● **Saved data entries**
* * *

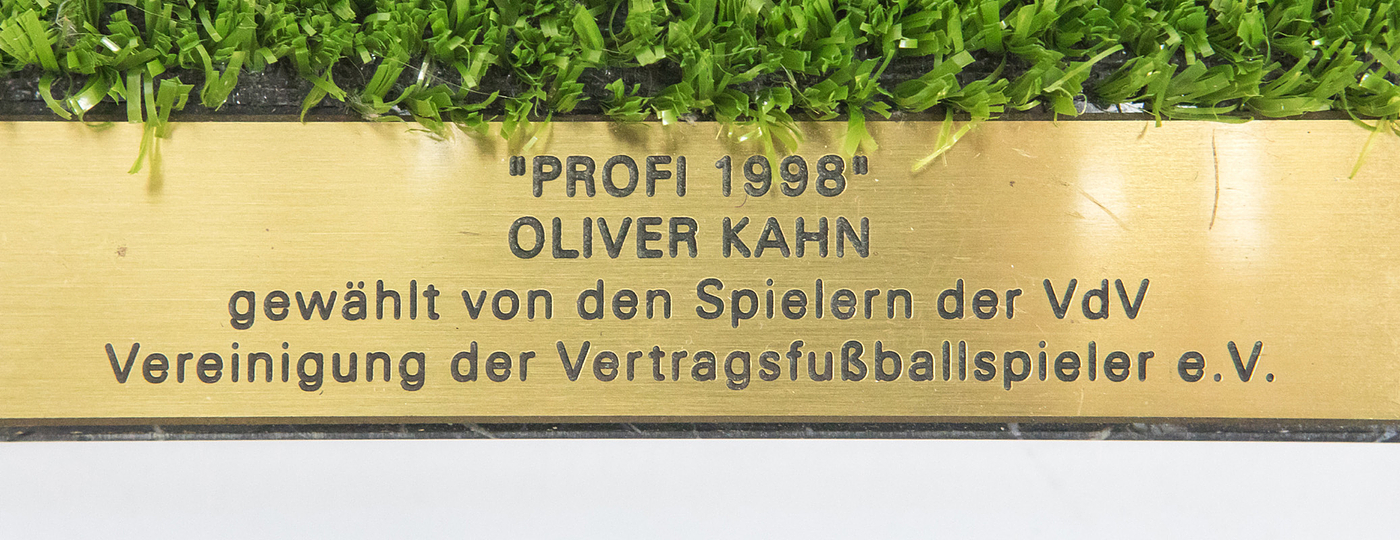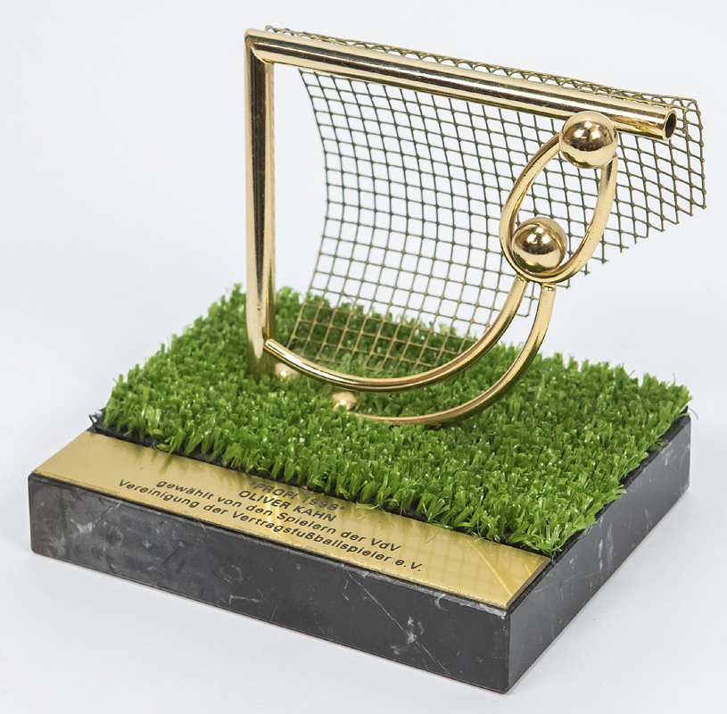 Oliver Kahn sculpture Profi of the year 1998 - Honorary Award Professional 1998 from the Association of Contractual Football Players (VdV) for Oliver Kahn. Sculpture made of gold-plated stainless steel (football goalkeeper in a parade in front of a football goal), with artificial turf on a marble base, 18x14x17 cm Weight: 2.2 kg. With mounted engraved brass plaque "Professional 1998 Oliver Kahn elected by the players of the VdV Association of Contract Football Players. This prize was awarded for the first time in 1998! --Members of the VdV are professional footballers in the Bundesliga who voted for the “Professional of the Year” from 1998 to 2003; from 2005 to 2008 this award was called Player of the Year. As of 2008, such honors are only available as "11 of the Year". Oliver Kahn was again voted “Professional of the Year” in 2001. Around 2010, a well-known collector from Munich acquired this medal from Oliver Kahn's family circle. Condition: A-
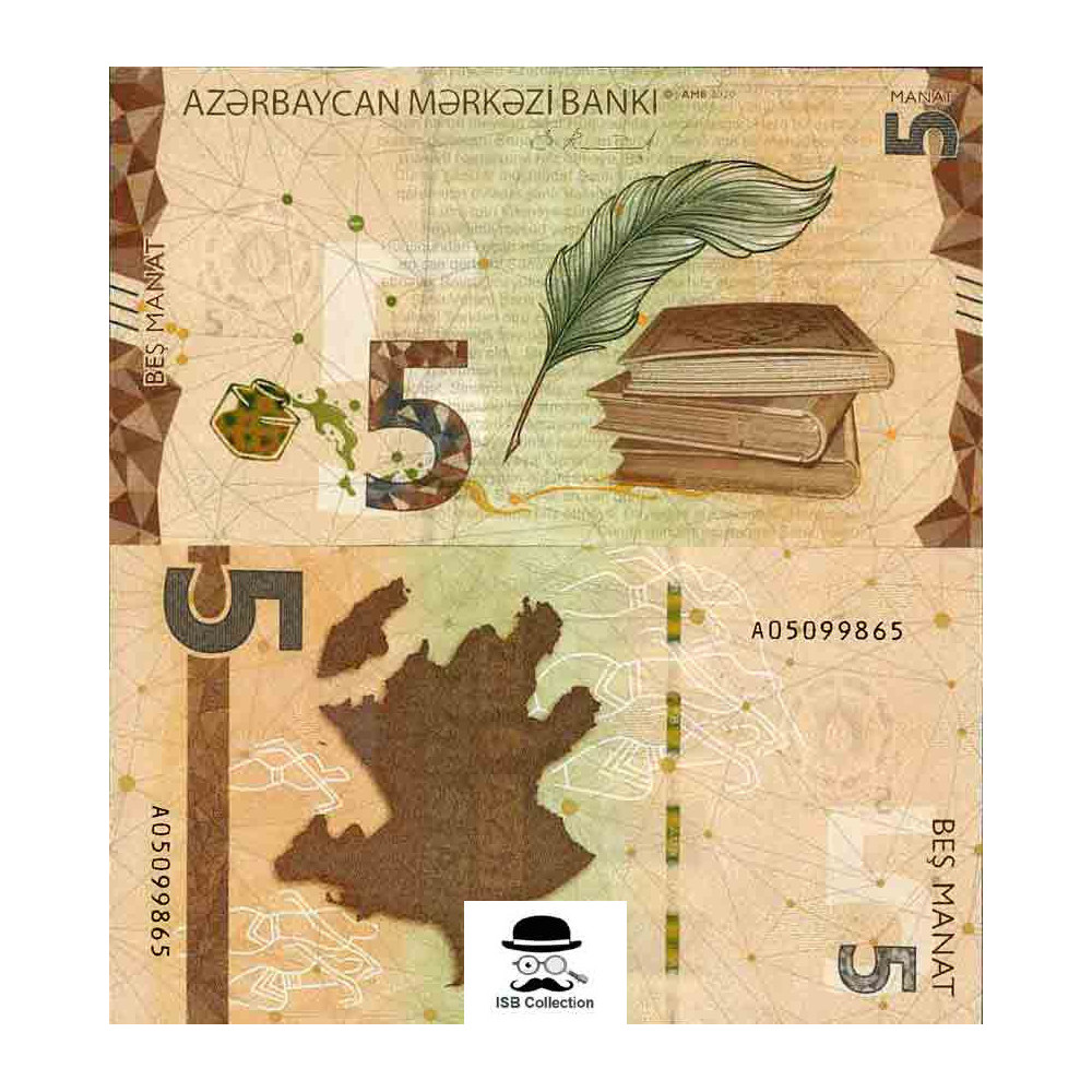 Billet de banque de azerbaïdjan valeur faciale 5 manat pick 39 - carte de l'azerbaïdjan avec des figures stylisées représenarnt des livres et un plumier.
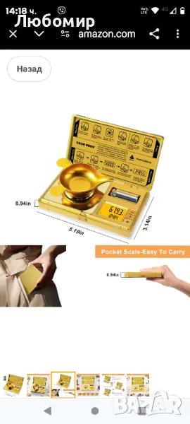 Високопрецизна милиграмова везна, 50g/0,1g мини цифрова джобна грамова везна, mg везна за претегляне на прахове, бижута, лекарства, скъпоценни камъни, презареждане, златна везна.Високо прецизно претегляне: GRAM PRES High Precision Milligram Scale има вградени високо прецизни сензори, които претеглят точно малки предмети като бижута, злато, прах, лекарства, билки, монети и скъпоценни камъни. Има максимален капацитет от 50 g и отчита теглото на стъпки от 0 g.Множество мерни единици: С мини грамовата везна GRAM PRES можете лесно да превключвате между 6 режима - g, oz, ct, ozt, dwt и gn - с помощта на бутона "M". LCD дисплей със задно осветяване показва ясни числа в несветла среда. Везната има и функция за автоматично изключване, която пести енергия след 180 секунди.Преносим и удобен: Мини грамовата везна GRAM PRES е проектирана с малък размер, подобен на този на мобилен телефон, и се предлага със защитно покритие от ABS за поставката за теглене. Включва набор от удобни инструменти: пинсети, лъжица, теглилка и батерии, което улеснява вземането на малки предмети и претеглянето на прахове в движение.Мултифункционална везна: Тази везна за презареждане се предлага с функция за тара, която ви помага лесно да получите нетното тегло на претегления артикул в контейнера. Той също така идва с 50 g калибрираща тежест, която ви позволява лесно да калибрирате отново везната, без да купувате допълнителни тежести.
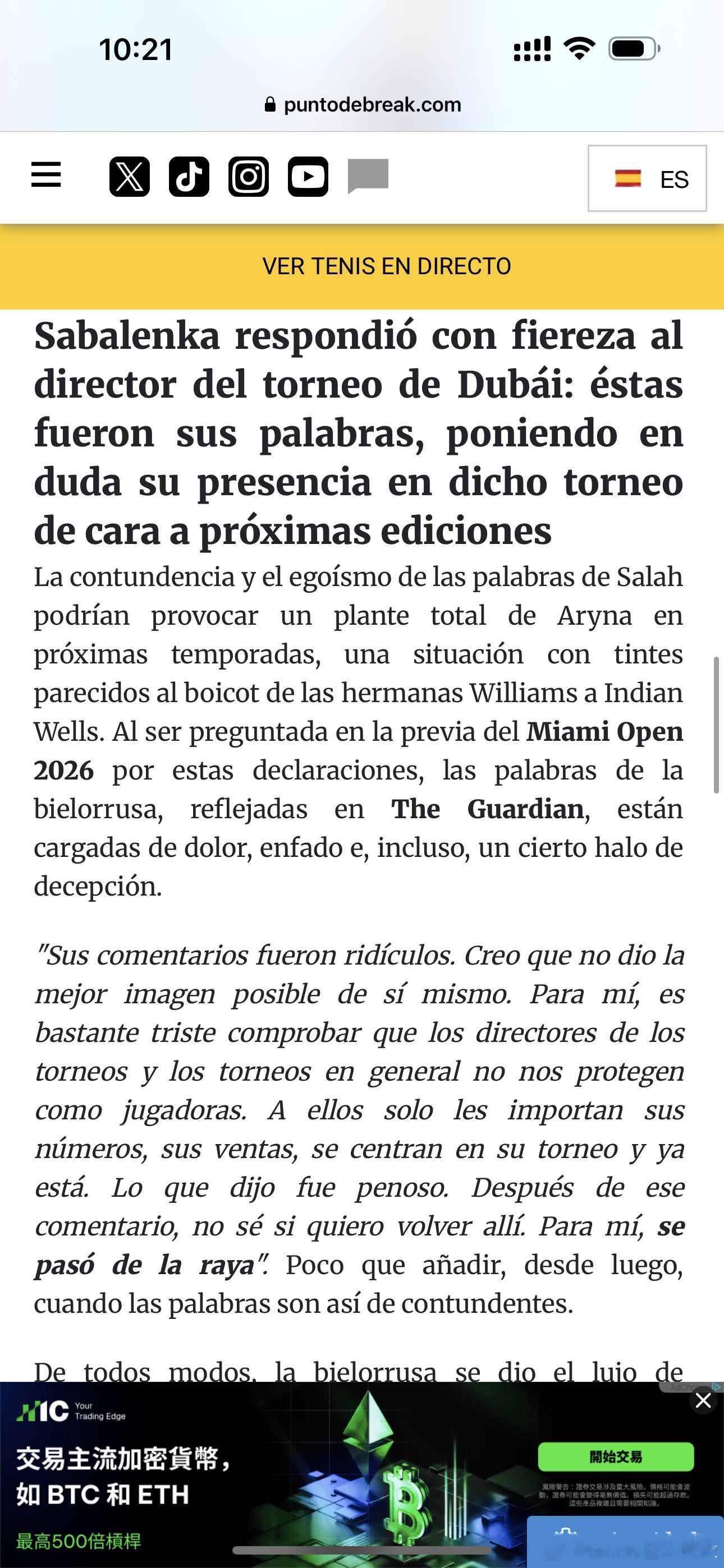萨巴伦卡在今天迈阿密接受卫报采访时谈到了此事:“他的评论非常荒谬。我认为他完全没有展现出自己体面的一面。对我来说,很遗憾地发现,赛事总监和整个赛事方并没有保护我们这些球员。他们只在乎自己的数据、门票收入,只关心自己的赛事,仅此而已。他说的话令人难堪。在这番言论之后,我不知道自己还想不想再回去那里参赛。对我而言,他越界了。”
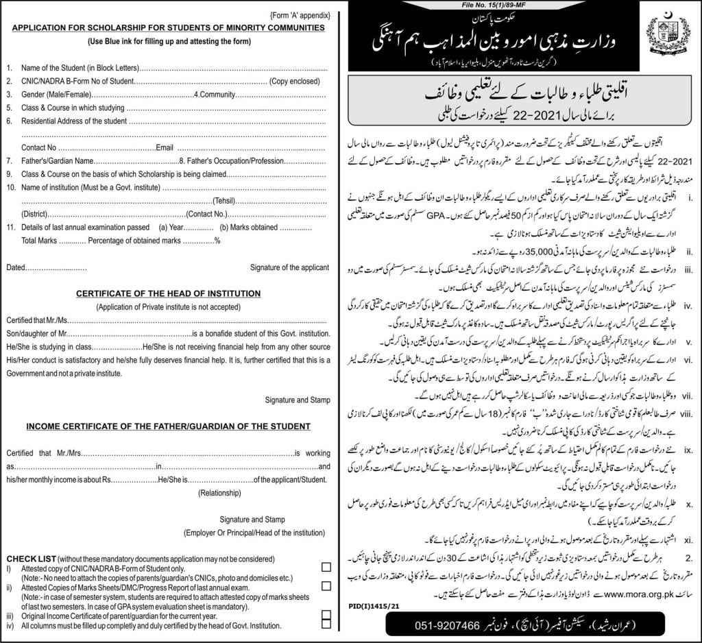 The Ministry of Religious Affairs Pakistan has announced scholarships for Non-Muslims (Minority) students. However, the announced scholarship is for the students studying in Primary to Professional Level degrees. However, candidates must be enrolled in Public institutes. So, qualified applicants can apply by sending the application form till the last date. However, the last date to apply for the Ministry of Religious Affairs scholarships is 04 October 2021.
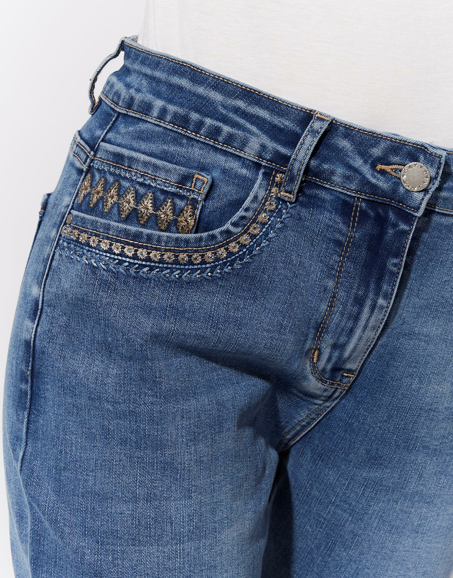 Peut-on laver ce jean en machine ? Oui, lavage en machine à 30 degrés recommandé pour préserver les broderies.
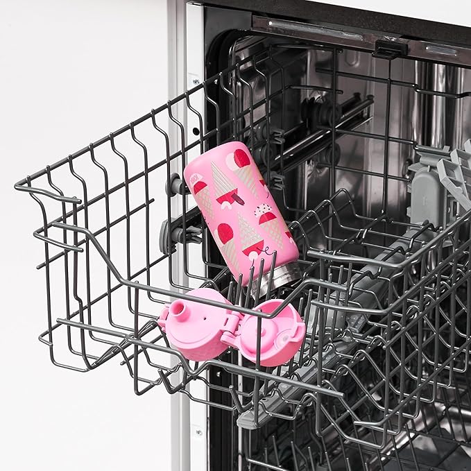 Ion8 Kids Water Bottle, Steel 400 ml/13 oz, Leak Proof, Easy to Open, Secure Lock, Dishwasher Safe, Flip Cover, Carry Handle, Easy Clean, Durable, Scratch Resistant, Raised Print, Ice Creams Design

* * *

● **Work to complete**
Transcribe every entry exactly, leaving out the pictures.

● **Exercise answer**
 Oliver Kahn sculpture Profi of the year 1998 - Honorary Award Professional 1998 from the Association of Contractual Football Players (VdV) for Oliver Kahn. Sculpture made of gold-plated stainless steel (football goalkeeper in a parade in front of a football goal), with artificial turf on a marble base, 18x14x17 cm Weight: 2.2 kg. With mounted engraved brass plaque "Professional 1998 Oliver Kahn elected by the players of the VdV Association of Contract Football Players. This prize was awarded for the first time in 1998! --Members of the VdV are professional footballers in the Bundesliga who voted for the “Professional of the Year” from 1998 to 2003; from 2005 to 2008 this award was called Player of the Year. As of 2008, such honors are only available as "11 of the Year". Oliver Kahn was again voted “Professional of the Year” in 2001. Around 2010, a well-known collector from Munich acquired this medal from Oliver Kahn's family circle. Condition: A-
 Billet de banque de azerbaïdjan valeur faciale 5 manat pick 39 - carte de l'azerbaïdjan avec des figures stylisées représenarnt des livres et un plumier.
 Високопрецизна милиграмова везна, 50g/0,1g мини цифрова джобна грамова везна, mg везна за претегляне на прахове, бижута, лекарства, скъпоценни камъни, презареждане, златна везна.Високо прецизно претегляне: GRAM PRES High Precision Milligram Scale има вградени високо прецизни сензори, които претеглят точно малки предмети като бижута, злато, прах, лекарства, билки, монети и скъпоценни камъни. Има максимален капацитет от 50 g и отчита теглото на стъпки от 0 g.Множество мерни единици: С мини грамовата везна GRAM PRES можете лесно да превключвате между 6 режима - g, oz, ct, ozt, dwt и gn - с помощта на бутона "M". LCD дисплей със задно осветяване показва ясни числа в несветла среда. Везната има и функция за автоматично изключване, която пести енергия след 180 секунди.Преносим и удобен: Мини грамовата везна GRAM PRES е проектирана с малък размер, подобен на този на мобилен телефон, и се предлага със защитно покритие от ABS за поставката за теглене. Включва набор от удобни инструменти: пинсети, лъжица, теглилка и батерии, което улеснява вземането на малки предмети и претеглянето на прахове в движение.Мултифункционална везна: Тази везна за презареждане се предлага с функция за тара, която ви помага лесно да получите нетното тегло на претегления артикул в контейнера. Той също така идва с 50 g калибрираща тежест, която ви позволява лесно да калибрирате отново везната, без да купувате допълнителни тежести.
萨巴伦卡在今天迈阿密接受卫报采访时谈到了此事:“他的评论非常荒谬。我认为他完全没有展现出自己体面的一面。对我来说,很遗憾地发现,赛事总监和整个赛事方并没有保护我们这些球员。他们只在乎自己的数据、门票收入,只关心自己的赛事,仅此而已。他说的话令人难堪。在这番言论之后,我不知道自己还想不想再回去那里参赛。对我而言,他越界了。”
 The Ministry of Religious Affairs Pakistan has announced scholarships for Non-Muslims (Minority) students. However, the announced scholarship is for the students studying in Primary to Professional Level degrees. However, candidates must be enrolled in Public institutes. So, qualified applicants can apply by sending the application form till the last date. However, the last date to apply for the Ministry of Religious Affairs scholarships is 04 October 2021.
 Peut-on laver ce jean en machine ? Oui, lavage en machine à 30 degrés recommandé pour préserver les broderies.
 Ion8 Kids Water Bottle, Steel 400 ml/13 oz, Leak Proof, Easy to Open, Secure Lock, Dishwasher Safe, Flip Cover, Carry Handle, Easy Clean, Durable, Scratch Resistant, Raised Print, Ice Creams Design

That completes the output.